No. 15 Mississippi State in center of SEC race

STARKVILLE, Miss. (AP) Midway through the college football season, No. 15 Mississippi State is doing something it hasn't done in more than a decade: contending for the Southeastern Conference Western Division title and a spot in a BCS bowl game.

Those are realities not often seen in Starkville, though the Bulldogs are getting used to the attention.

``This is a lot of what they expected coming into the season,'' Mississippi State coach Dan Mullen said. ``To be in this situation as a program, this is what we drill in our guys to expect.

``And you know - it's fantastic.''

Especially considering:

- The Bulldogs haven't been ranked this high since 2000.

- Mississippi State's No. 12 spot in the current BCS standings is the third-highest in school history.

- The Bulldogs haven't been undefeated this late in a season since 1999.

Not that Mississippi State has a lot of time to bask in its early success.
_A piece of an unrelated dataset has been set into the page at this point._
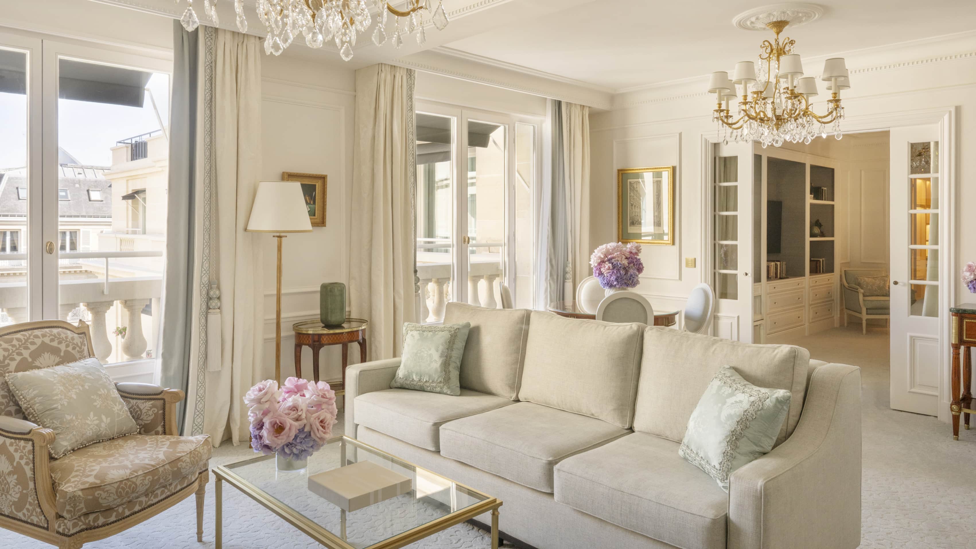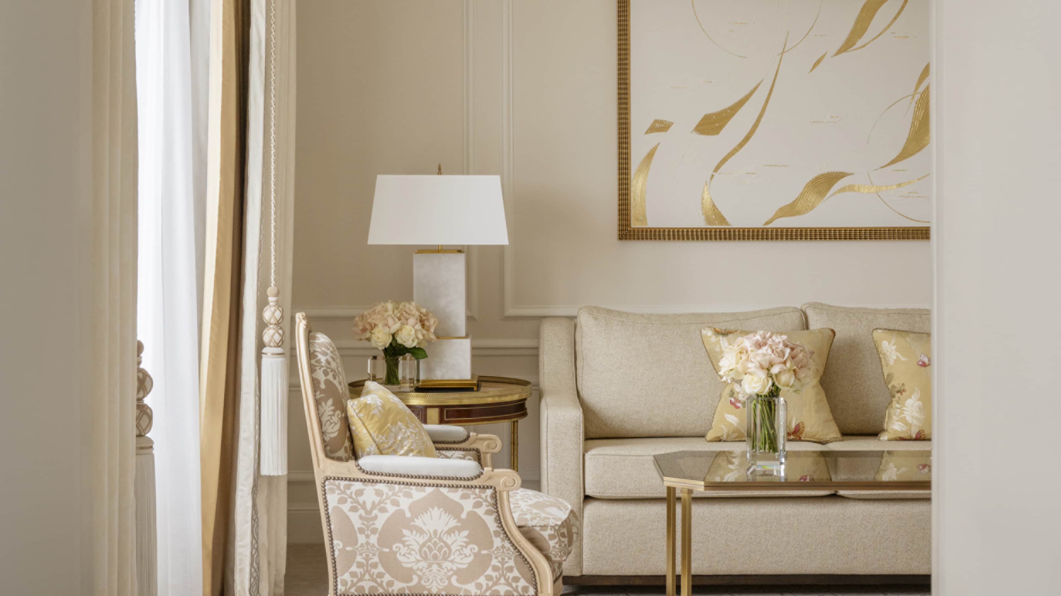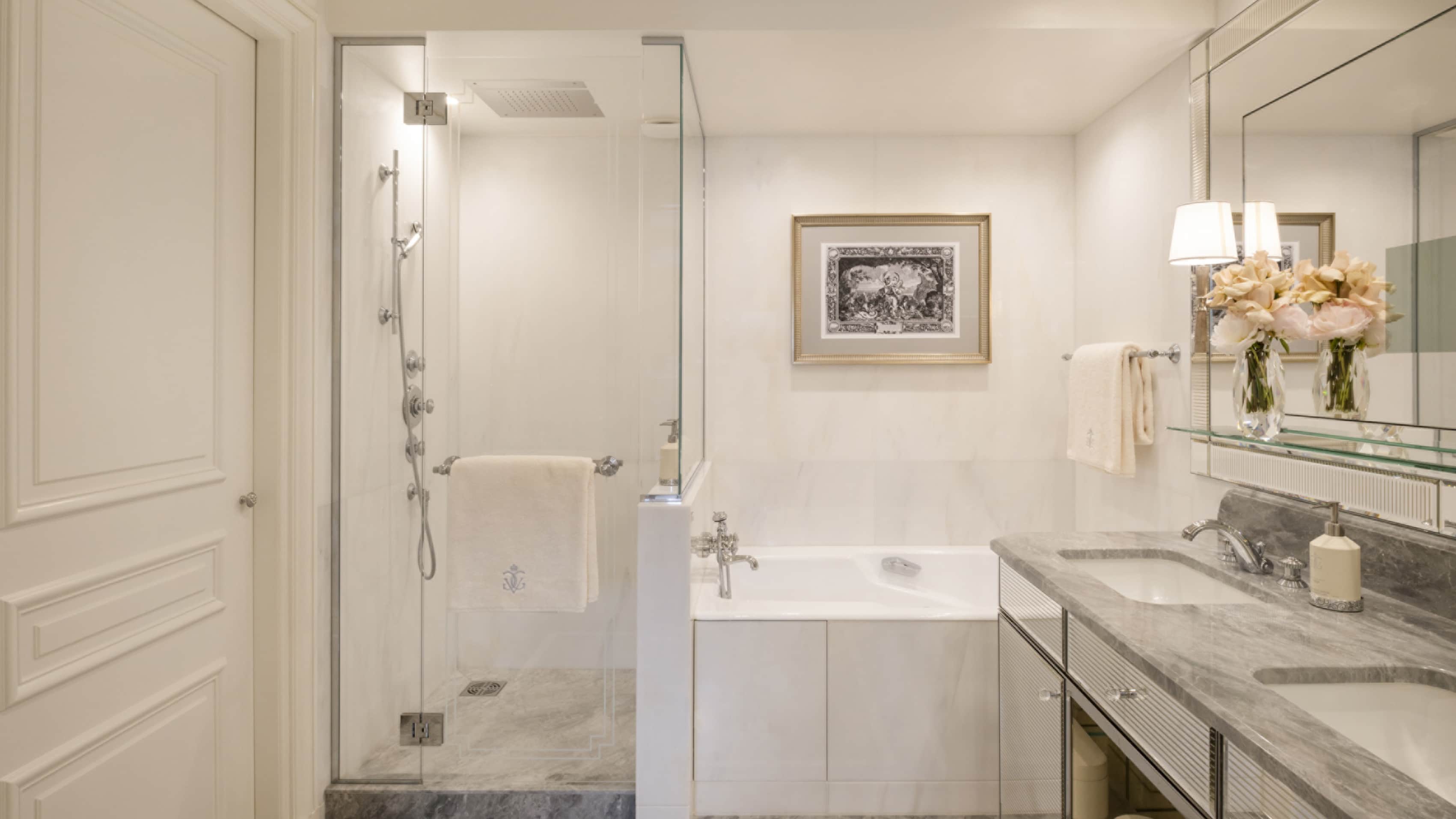 Номер с отдельной гостиной, рабочей и обеденной зоной. Кровать king-size в спальне. Две раковины, ванна и душевая кабина в ванной комнате. Гардеробная, гостевой туалет. Кресло-кровать можно использовать как дополнительное спальное место.

The Bulldogs (6-0) host Middle Tennessee State (4-2) on Saturday before a brutal stretch that includes showdowns at Alabama, against Texas A&M and at LSU.

Mullen isn't complaining about the schedule, he's just excited about the opportunity.

``In late October and in November you want to be playing big games,'' Mullen said. ``We've put ourselves in position to do that.''

Mississippi State's rise into the SEC's top tier isn't necessarily a huge surprise since the Bulldogs have been hanging around the national scene for nearly three years.

One reason is an improved offense that is much more balanced than in the recent past. Mullen was forced to go with a run-heavy approach his first three seasons because it suited his personnel, but first-year starting quarterback Tyler Russell has proven to be a much more potent big-play passing threat.

Russell threw for a career-high 23 completions and 291 yards in Saturday's 41-31 victory over Tennessee. The Bulldogs have scored at least 25 points in their first six games for the first time in the 113-year history of the football program.

Russell's favorite targets have been Chad Bumphis (468 yards, six touchdowns) and tight end Marcus Green (five touchdowns), but the Bulldogs have five players with at least 10 receptions. Mississippi State offensive coordinator Les Koenning said Russell's ability to consistently complete long passes has made his job easier.

``There's no doubt,'' Koenning said. ``Anytime you can get the big plays to happen, it's really good.''

It's certainly helped LaDarius Perkins find plenty of running room. The 5-foot-10, 190-pound junior is third in the SEC with 599 rushing yards and seven touchdowns.

Koenning said the Tennessee victory was important because it proved the Bulldogs could win a true shootout.

``I was proud of the way our team reacted,'' Koenning said. ``It was like a heavyweight fight. You get hit and what are you going to do? You're going to hit back. I saw that. Our team responded in every way. That's the sign of a good football team.''

Now there's conversation about whether the Bulldogs can become a great team.

There are reasons to be skeptical. After all, Mississippi State's three SEC wins have come against teams that are a combined 0-11 in conference play.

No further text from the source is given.